The legacy x87 floating point architecture is the bane of all x86 processor vendors' existence, largely because its stack based nature makes out of order processing so difficult. While there are certainly ways of translating stack based instruction sets into flat addressing for scheduling purposes, we do not do this. Fortunately, following the Pentium III and AMD Athlon's introduction, x87 is rapidly headed for planned obsolescence; most major applications released within the last few years now use SSE instructions for their floating point needs either exclusively or in all performance critical parts. To this end, even Intel has relegated x86 support on the Pentium 4 and Core 2 to a separate low performance legacy unit, and AMD has restricted x87 use in 64-bit mode. For this reason, PTLsim translates legacy x87 instructions into a serialized, program ordered and emulated form; the hardware does not contain any x87-style 80-bit floating point registers (all floating point hardware is 32-bit and 64-bit IEEE compliant). We have noticed little to no performance problem from this approach when examining typical binaries, which rarely if ever still use x87 instructions in compute-intensive code.
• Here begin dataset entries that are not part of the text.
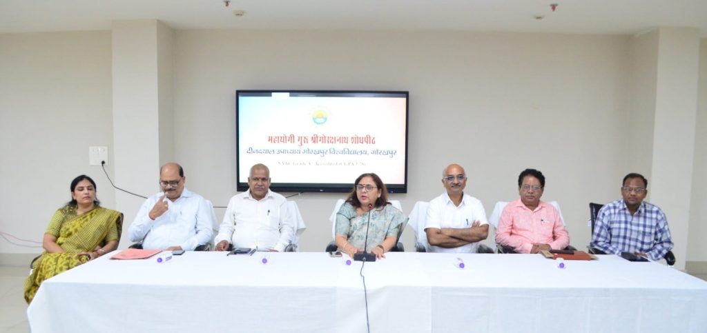 गोरखपुर। दीनदयाल उपाध्याय गोरखपुर विश्वविद्यालय की कुलपति प्रो. पूनम टंडन की अध्यक्षता में गोरखपुर जनपद के स्ववित्तपोषित महाविद्यालयों के प्रबंधकों एवं प्राचार्यों की एक महत्वपूर्ण बैठक विश्वविद्यालय के गुरु गोरखनाथ शोधपीठ स्थित कमेटी हॉल में सम्पन्न हुई। यह बैठक आगामी शैक्षणिक सत्र 2025-26 की तैयारियों के संदर्भ में आयोजित की गई थी। अपने उद्बोधन में कुलपति प्रो. टंडन ने कहा कि स्ववित्तपोषित महाविद्यालय पूर्वांचल में उच्च शिक्षा की उपलब्धता और विस्तार में अत्यंत महत्वपूर्ण भूमिका निभा रहे हैं। यह बैठक संवाद के माध्यम से साझा चिंताओं, सुझावों और भविष्य की दिशा तय करने हेतु आयोजित की गई है।
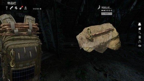 手上的短刀战斗效能太低,为了更好地应敌,你需要更长的武器才行。和地上的长木棍互动,将其制作成简易长矛,注意,不要选择采集,不然长木棍会变成普通木棍。
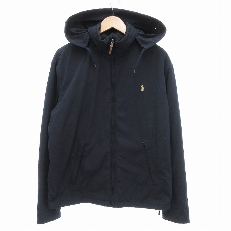 ポロ ラルフローレン POLO RALPH LAUREN ジップアップブルゾン パーカー フード ホースロゴ刺繍 L ネイビー /JS ■GY19 メンズ
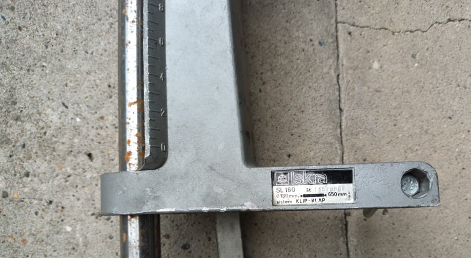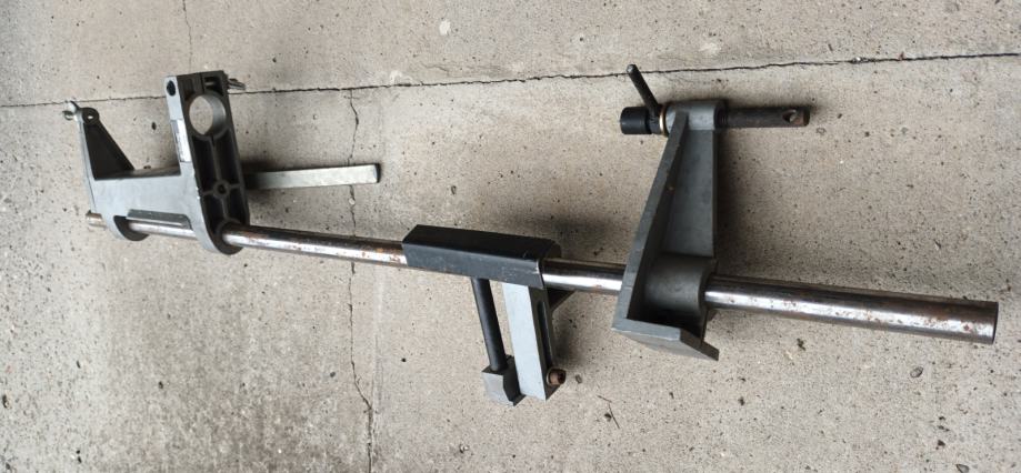 Nosač bušilice Iskra ( fi 42 ) na osovini sa dodacima za izradu malog tokarskog stroja za drvo. Dužina osovine 100 cm. Okretni šiljak sa ležajem i oslonac za nož, sve vidljivo na slikama.

The x86 architecture specifies a mode in which all floating point operations (SSE and x87) will trigger a Floating Point Unavailable exception (EXCEPTION_x86_fpu_not_avail, vector 0x7) if the TS (task switched) bit in control register CR0 is set. This allows the kernel to defer saving the floating point registers and state of the previously scheduled thread until that state is actually modified, thus speeding up context switches. PTLsim supports this feature by requiring any commits to the floating point state (SSE XMM registers, x87 registers or any floating point related control or status registers) to check the uop.is_sse and uop.is_x87 bits in the uop. If either of these is set, the pipeline must be flushed and redirected into the kernel so it can save the FPU state.
Some operations are too complex to inline directly into the uop stream. To perform these instructions, a special uop (brp: branch private) is executed to branch to an assist function implemented in microcode. In PTLsim, some assist functions are implemented as regular C/C++ or assembly language code when they interact with the rest of the virtual machine. Examples of instructions requiring assists include system calls, interrupts, some forms of integer division, handling of rare floating point conditions, CPUID, MSR reads/writes, various x87 operations, any serializing instructions, etc. These are listed in the ASSIST_xxx enum found in decode.h.
Prior to entering an assist, uops are generated to load the REG_selfrip and REG_nextrip internal registers with the RIP of the instruction itself and the RIP after its last byte, respectively. This lets the assist microcode correctly update RIP before returning, or signal a fault on the instruction if needed. Several other assist related registers, including REG_ar1, REG_ar2, REG_ar3, are used to store parameters passed to the assist. These registers are not architecturally visible, but must be renamed and separately maintained by the core as if they were part of the user-visible state.
While the exact behavior depends on the core model (out of order, SMT, sequential, etc), generally when the processor fetches an assist (brp uop), the frontend pipeline is stalled and execution waits until the brp commits, at which point an assist function within PTLsim is called. This is necessary because assists are not subject to the out of order execution mechanism; they directly update the architectural registers on their own. In a real processor there are slightly more efficient ways of doing this without flushing the pipeline, however in PTLsim assists are sufficiently rare that the performance impact is negligible and this approach significantly reduces complexity. For the out of order core, the exact mechanism used is described in Section 24.6.